Two things about lelivro pulled me in:
- You get 85% of every sale–REGARDLESS OF YOUR BOOK’S PRICE (some of you just went, “OOOH!”)
- You are paid immediately. Funds are sent to your Paypal account upon receipt. No waiting months for Amazon royalties.
Now, does this mean lelivro will be the next Amazon? Probably not. There probably never will be another Amazon, unless Google decides to get off their butts and make Google Books a real thing. They’re the only ones who MIGHT be big enough to take on the big A.
But lelivro has something Amazon doesn’t, and can’t any more: the personal touch. They’re new. Actually, they’re still in beta. And when I signed up and published my first four titles, I immediately got an email from a sales rep, asking if I found the process easy, and did I mean to make that one book free? He asked if there was anything else he could do to help make my adoption of the website easier. And he asked if I wanted to submit a blog article to their site. I did. Hopefully they’ll publish it, helping to drive readers to my books.
I never got an email like that from Amazon, I can tell you.
Kobo is another site like this. They’re relatively small, and as a result they can afford to take a personal interest in you as an author. Their blog is a tremendously helpful resource for writers. Their customer service people are attentive, friendly and FAST.
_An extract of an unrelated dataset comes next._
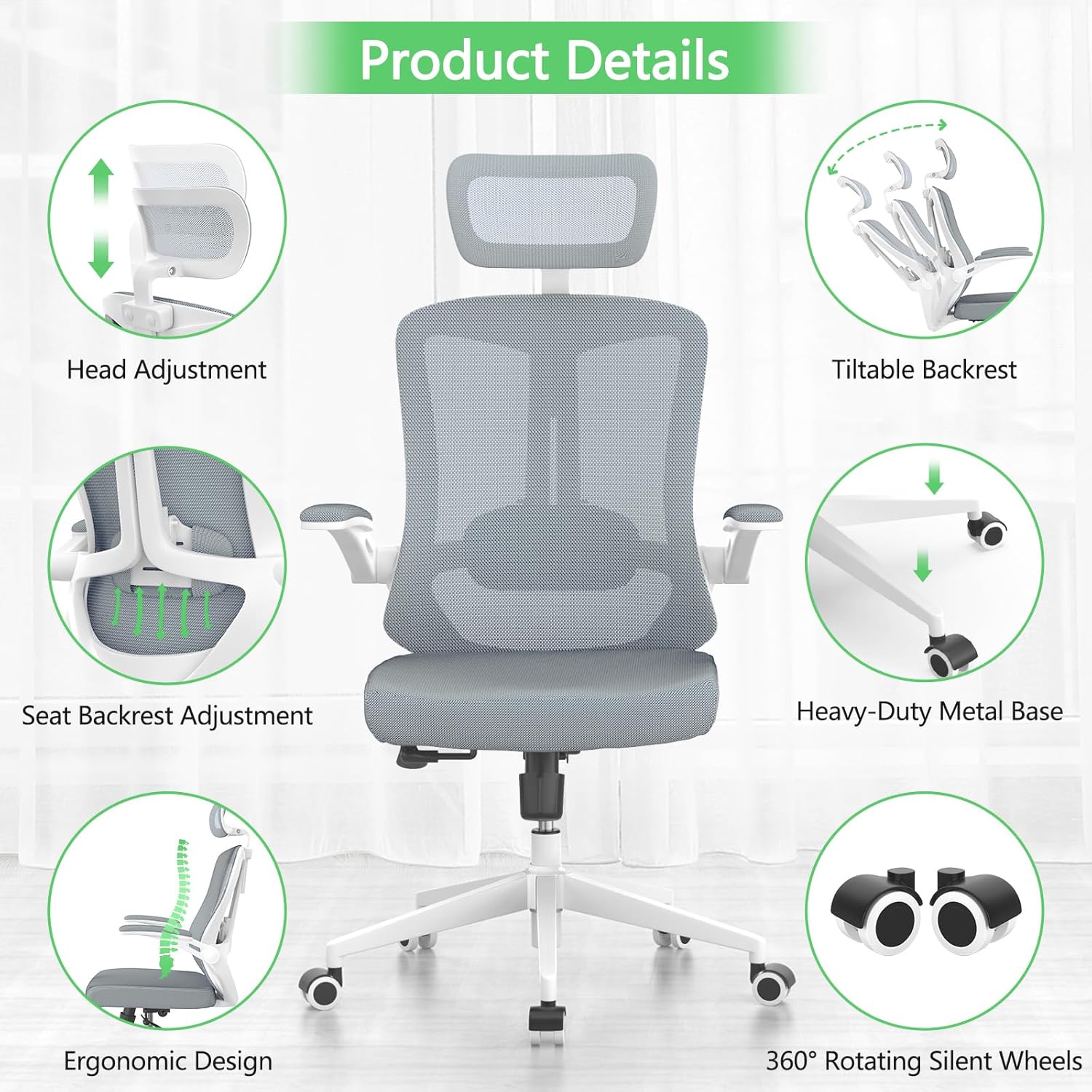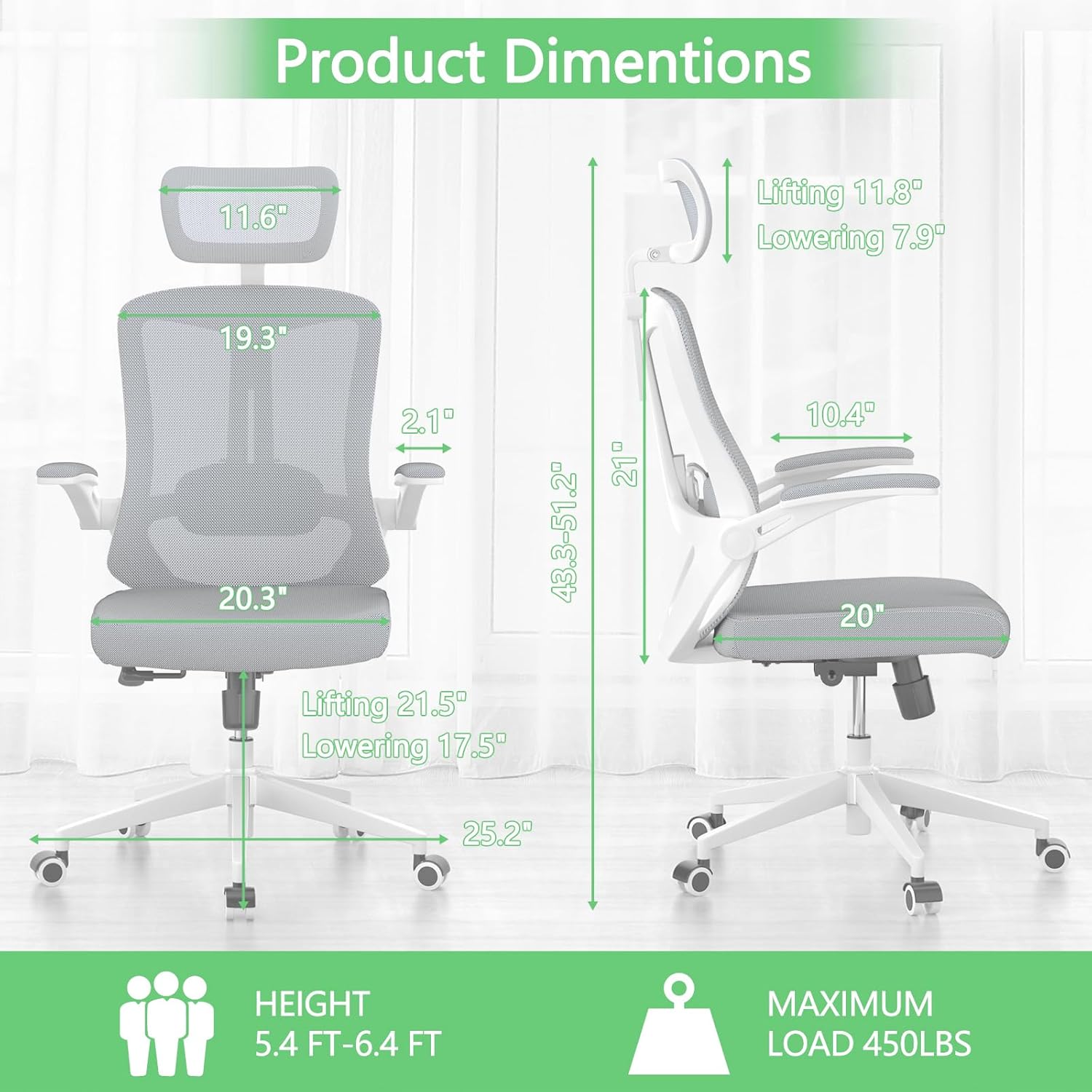 - 【Function and Design】Ergonomic design helps the backrest has prominent lumbar support to help you maintain a relaxed posture during long hours of work or study, comfortable mesh with back support points can fit the natural curvature of the spine, the armrests of the computer chair can provide comfortable support for the arms, and it can be flipped up when not in use, effectively saving space

But back to lelivro. Am I expecting them to replace or even rival my Amazon royalties? No. But, I am a moderately successful indie author, and as lelivro grows, I will grow with them. On Amazon, I’m one in a million. On lelivro, I’m one in much less than that, and I’m already more successful than the majority of the authors in their marketplace.
It’s the “medium fish in a small pond” scenario. Early adopters do tend to do better with a new platform than those who join in after it’s already gotten big. I’m no Dan Brown, but I’m a few steps ahead of many people in the indie book world.
In the final analysis, I’m not losing anything by joining lelivro. And I stand to gain a lot. You could, too. If lelivro grows to become a player in the marketplace (which could theoretically happen, with authors wanting to flock to them due to their higher royalty percentage) then you could get in on the tidal wave and surf it to (possibly) a very comfortable career as an indie author.
And if not, well, then, you’ve just got one more place where people can find you and buy your books.